In higher eukaryotes, the primary gene transcripts, also called precursor messenger RNAs (pre-mRNAs), undergo a finely tuned post-transcriptional regulatory process that removes the non-coding regions (introns) and splices together the coding sequences (exons), thus generating the mature mRNAs. This mechanism is designated as pre-mRNA splicing and is a critical step in gene expression. In addition, it is well known that the splicing patterns of a gene vary widely as result of the process of alternative splicing (AS) that differentially retains or excludes certain exons from the pre-mRNA transcript. Consequently, various combinations of exons from a single gene can produce a diversity of mRNA variants, which is determinant to structural transcript variation and proteome diversity [1] and can generate different protein isoforms with related, distinct, or even opposing functions [2][3]. Remarkably, AS is a widespread event affecting more than 95% of transcribed human genes, as suggested by data provided by whole transcriptome sequencing projects [2][4]. This complex and tightly regulated mechanism is shared across different tissues and developmental stages, and frequently dysregulated in various human diseases, including cancer [5]. This dysregulation was verified in various types of cancer through detection of aberrant splicing patterns in tumor tissues when compared to their normal counterparts by high-throughput sequencing techniques [6][7][8][9]. Additionally, accumulating evidence clearly supports that the aberrant splicing profiles found in cancer are contributing to neoplastic transformation, cancer progression, and therapy resistance [10][11]. Therefore, it is of utmost relevance to identify pathological splicing isoforms for the development of new effective biomarkers, as well as to clarify the mechanisms behind aberrant AS, thereby elucidating its impact on cancer and providing novel therapeutic strategies.
Pre-mRNA splicing consists of a multistep process orchestrated by the spliceosome, a huge RNA/protein complex comprising five small nuclear ribonucleoproteins (snRNPs; U1, U2, U4, U5, and U6) and numerous associated proteins [12,13]. Briefly, the reaction initiates with the assembly of an initial spliceosome complex through recognition of critical consensus splice sites at the pre-mRNA transcript, as schematically represented in Figure 1A. It comprises a stepwise process that begins with the recruitment of U1 snRNP to the 5′ splice site. Then, the splicing factor 1 (SF1), U2 snRNP auxiliary factor 2 (U2AF2), and U2 snRNP auxiliary factor (U2AF) 2, and U2AF 1recognize the branch point site (BPS), the polypyrimidine (poly-Y) tract, and the AG dinucleotide of the 3′ splice site region, respectively. The occupancy of these three consensus sequences induces the association of U2 snRNP with the BPS, which is further stabilized by the U2 snRNP component SF3B1. Consequently, intronic recognition prompts the engagement of U4/U6/U5 tri-snRNP with the complex, and subsequent formation of a catalytically inactive complex. This leads to several conformational and compositional rearrangements of spliceosomal components, including the dissociation of U1 and U4 snRNPs, which in turn promotes the formation of the activated spliceosome that catalyzes the splicing reaction [14]. Transcripts from nearly all protein-coding genes undergo one or more types of AS, giving rise to different mRNAs that differ in transcript degradation or are translated into alternative protein isoforms in a cell type-, organ-, or tissue-specific manner [2,4,15]. In higher eukaryotes, among the currently known AS events represented in Figure 1B, the most common is exon skipping [16], accounting for approximately 40% of all AS events, in which a cassette exon is removed from the pre-mRNA together with its flaking introns. Besides this, switching between alternative 5′ and 3′ splice site positions, mutually exclusive splicing of adjacent exons and differential retention of introns are also important variations of AS (Figure 1B). Other types of AS events include the use of alternative transcription start sites and alternative polyadenylation.
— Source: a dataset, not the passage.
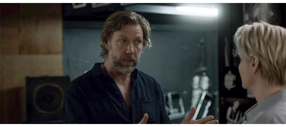 そして、TVショーに出演したトーマスに、司会者は、「巨大なスター、シンガーソングライターのトーマス・ジェイコブがロサンゼルスから到着しました。彼は、私たちのために歌ってくれます」と前置きを言い、番組が始まる。「あなたは お金持ちで、有名人で、クリーンに戻り〔麻薬をやめた〕、新曲のレコーディングのために戻って来られた」と トーマスに話し始める〔かなり失礼な言い方〕。トーマスは、「私のプロデューサーがデンマークにいるからだ。彼女なしでは何もできない。私のカオスから秩序を創造してくれる。歌や曲のアイディアは1万でも思いつくが、彼女がいなければ1曲もできない」と、モリーを最大限称賛する(1枚目の写真)。司会者は、さらに脱線して 「あなたは、酒、離婚、麻薬なしで、悲恋の歌を創り続けられますか?」と、許されないほど失礼なこと訊く。怒ったトーマスは、「我々は、麻薬、酒、離婚じゃなく、音楽について話すことに同意した。もうウンザリだ」と言うが、懲りない司会者は 「私は、予測不能になるんです」と、謝りもしない〔たかがTVの司会者のくせに、何様のつもりだろう?〕。呆れたトーマスは 「私もだ」とインタビューを打ち切り、ステージに行って歌う(2枚目の写真)。帰りの車の中で、マネージャーは 「彼を殴らなくて良かった」と言う。「年を取った」。「あなたの娘さんから、メッセージが入りました」〔スマホに〕。「えらく早いな。何が欲しいんだ?」。「あなたの娘なんだから、理由なんかなくても電話して構わないでしょ」。「それはどうかな」。「つまり…?」。「金だ」。
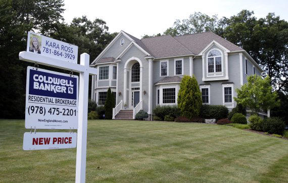 지난 2017년 7월 미국 매사추세츠주 노스앤도버에 매물로 나온 집이라는 부동산업자의 광고판이 세워져 있다.

Figure 1. Regulation of pre-mRNA splicing. (A) Stepwise assembly of spliceosome on the pre-mRNA and catalysis of the splicing reaction to generate mature spliced mRNA. (B) Schematic representation of the most common alternative splicing AS events. The grey, yellow, red, and blue boxes represent different exons. The solid black and dotted grey lines indicate distinct splicing events. (C) Complex interplay between cis- and trans-acting factors in the regulation of AS. RNA-binding motif (RBM) proteins, serine/arginine-rich (SR) proteins, and heterogeneous (hn) ribonucleoproteins (hnRNPs) bind to exonic or intronic regulatory elements to promote or prevent the recognition of either 3′ or 5′ splice sites (ss) by the small nuclear (sn) RNPs (snRNPs) and splicing factors. The solid and dotted black arrows represent binding stimulation and inhibition, respectively; (ss—splice sites; BPS—branch point site; poly-Y—polypyrimidine tract; pre-mRNA—precursor messenger RNA; snRNPs—small nuclear ribonucleoprotein particle; SF1—splicing factor 1; U2AF—U2 snRNP auxiliary factor).
In AS, the regulated process consists of the recognition of an exon by the spliceosome. For this, splice site utilization is further regulated by cis-acting splicing-regulatory elements, which either promote or inhibit the use of adjacent splice sites by recruiting trans-acting splicing factors [12]. Thus, they are classified into exonic or intronic splicing enhancers (ESE/ISE) or silencers (ESS/ISS), depending on their positions and functions (Figure 1C). In general, enhancers are recognized by trans-acting factors belonging to the serine/arginine-rich (SR) protein family to facilitate splice site recognition and exon inclusion [13]. On the other hand, silencers usually interact with other types of trans-acting factors such as heterogeneous ribonucleoproteins (hnRNPs) to inhibit splice site recognition and promote exon skipping [2]. However, several AS events exist in which SR or hnRNP proteins act as inhibitors or enhancers of splicing, respectively.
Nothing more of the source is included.